KrisEnergy and Rubicon Offshore International are suing each other in multiple jurisdictions after the early end of a long-term charter of a floating production, storage and offloading vessel.

Legal action now ongoing in both the English and Cayman Islands high courts centres on alleged technical deficiencies of the Rubicon-owned FPSO.

But observers believe the basis for the dispute has more to do with the fluctuating price of oil and the way it affects the profitability of using FPSOs for pure storage.

The dispute comes while both companies face an uncertain future.

Private equity shareholders of Rubicon, a Singapore FPSO owner, are seeking to exit their engagement either by a sale of the company or of its assets.

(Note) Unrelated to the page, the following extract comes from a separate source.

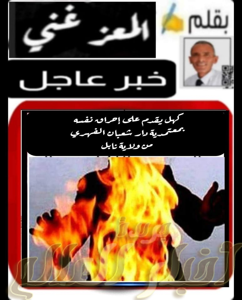 أقدم كهل صباح اليوم الأحد 4 جويلية 2021 على حرق نفسه بمنطقة الغويبة بدار شعبان الفهري من ولاية نابل

Singapore-listed KrisEnergy, a Thai oil and gas company focused on South East Asia, has been undergoing a debt restructuring process since August 2019.

The 71,900-dwt FPSO Rubicon Vantage (built 1987) was used for storage on KrisEnergy's Wassana oilfield from July 2015 until June 2020.

The company has asserted a claim for some $6.5m is based on alleged deficiencies discovered after delivery, including a storage capacity much less than advertised.

Rubicon has brought a counterclaim of approximately $4m for allegedly unpaid shipyard work done on the vessel on the charterer's behalf.

The veteran Rubicon Vantage, built as an LR1 tanker at China's Dalian New Shipyard, was converted to a shuttle tanker in Gdansk, Poland, in 1995 and then into an FPSO at Singapore's ST Marine in 2008.

It underwent a life-extension refit at Unithai Shipyard in 2015 before going to work for KrisEnergy at the Wassana oilfield.

Like many older FPSOs being used for storage, it still had its production equipment in place.

KrisEnergy suspended production at the Wassana field in June of this year and terminated the vessel's contract after five years of service. Rubicon's website indicates that the ship was expected to serve there 2025. Some observers believe the deal include options for additional years of operation.

Documents in one legal case involving the ship indicate that the bareboat hire rate was $30,650 per day.

TradeWinds understands that KrisEnergy has claimed it used the vessel at less than its full 600,000-barrel storage capacity until December 2015, and only then learned that this was a pre-conversion figure based on tank dimensions. With idle production equipment taking up space, the ship could now load only 450,000 barrels.

KrisEnergy's claim includes the costs of lost production and also the alleged overpayment for a ship of lower than advertised capacity.

Observers believe that both the falling and rising price of oil can increase the number of FPSO disputes. Decreased demand for FPSOs, especially on marginal fields, have seen many of those repurposed for pure storage use, and such vessels give charterers chances to exploit technical breaches to escape unprofitable charter commitments.

Conversely, a rising oil price could give FPSO owners an incentive to look for breaches.

KrisEnergy investor relations vice president Tanya Pang said the company is "unable to comment on any issues regarding Rubicon Offshore International while legal proceedings continue". Officials of Rubicon did not immediately respond to a request for comment.